Once this is done, click on the Next button to move on to the disk partitioning phase: since you have decided to create a dual boot system, put the check mark next to the item Install Linux next to Windows 10 , click on the Next button and use the bar vertical present between the two partitions, to define the space to be dedicated to Windows and that to be dedicated to Linux. If you have multiple disks on your PC, make sure the correct one is specified in the Disk Selection drop-down list.
After carefully checking the defined settings, click on the Install button and then on the Next button two consecutive times, in order to change the disk partitions as specified above and start copying the operating system files.
In the meantime, choose the time zone to use, using the map displayed on the screen or using the text box located below, click on the Next button and fill in the next form providing the requested information: your name , computer name , a username to use for login and a password to protect the profile (twice in a row). It therefore specifies whether to log in automatically or whether to require a personal password to log in and whether or not to encrypt the personal folder.

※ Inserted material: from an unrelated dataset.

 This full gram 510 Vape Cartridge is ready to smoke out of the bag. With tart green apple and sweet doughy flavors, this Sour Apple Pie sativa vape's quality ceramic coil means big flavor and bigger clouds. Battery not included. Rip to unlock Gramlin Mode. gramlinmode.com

At this point, you just have to click on the Next button and wait for the Linux installation to complete and for any updates to be downloaded from the Internet: this operation could take up to a few tens of minutes.

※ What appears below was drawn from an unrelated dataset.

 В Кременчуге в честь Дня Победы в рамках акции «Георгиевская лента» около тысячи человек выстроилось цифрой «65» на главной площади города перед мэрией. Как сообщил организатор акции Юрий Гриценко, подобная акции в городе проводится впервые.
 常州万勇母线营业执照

Once the installation is complete, you just have to click on the Restart now button and press the Enter key when prompted; at the next reboot, if everything went well, you should see the Linux bootloader, thanks to which you can choose whether to start the latter operating system or Windows 10.
How to install Linux on Mac
You don't have a Windows PC but a Mac and would like to be able to use Linux on your Apple computer too? In that case, unless you're extremely knowledgeable on the subject, I don't recommend physically installing Linux alongside macOS, as Apple's security restrictions could make it too difficult.
Alternatively, you can download and install a virtual machine manager such as VirtualBox on your computer and use it to use Linux in virtual mode: if you need a step-by-step guide dedicated to downloading and installing VirtualBox, I refer you to reading this mine . guide . Once the setup is complete and the program is started, you just have to create a virtual machine containing the distribution you prefer, following exactly the same steps seen for Windows .
Note: if you have a Mac with Apple Silicon chip (eg M1) and not Intel, you cannot install any operating system in dual boot with macOS. As for virtual machines, at the time of writing there is very little working, but in any case you will be able to virtualize only operating systems designed for ARM systems and not for the Intel / AMD platform.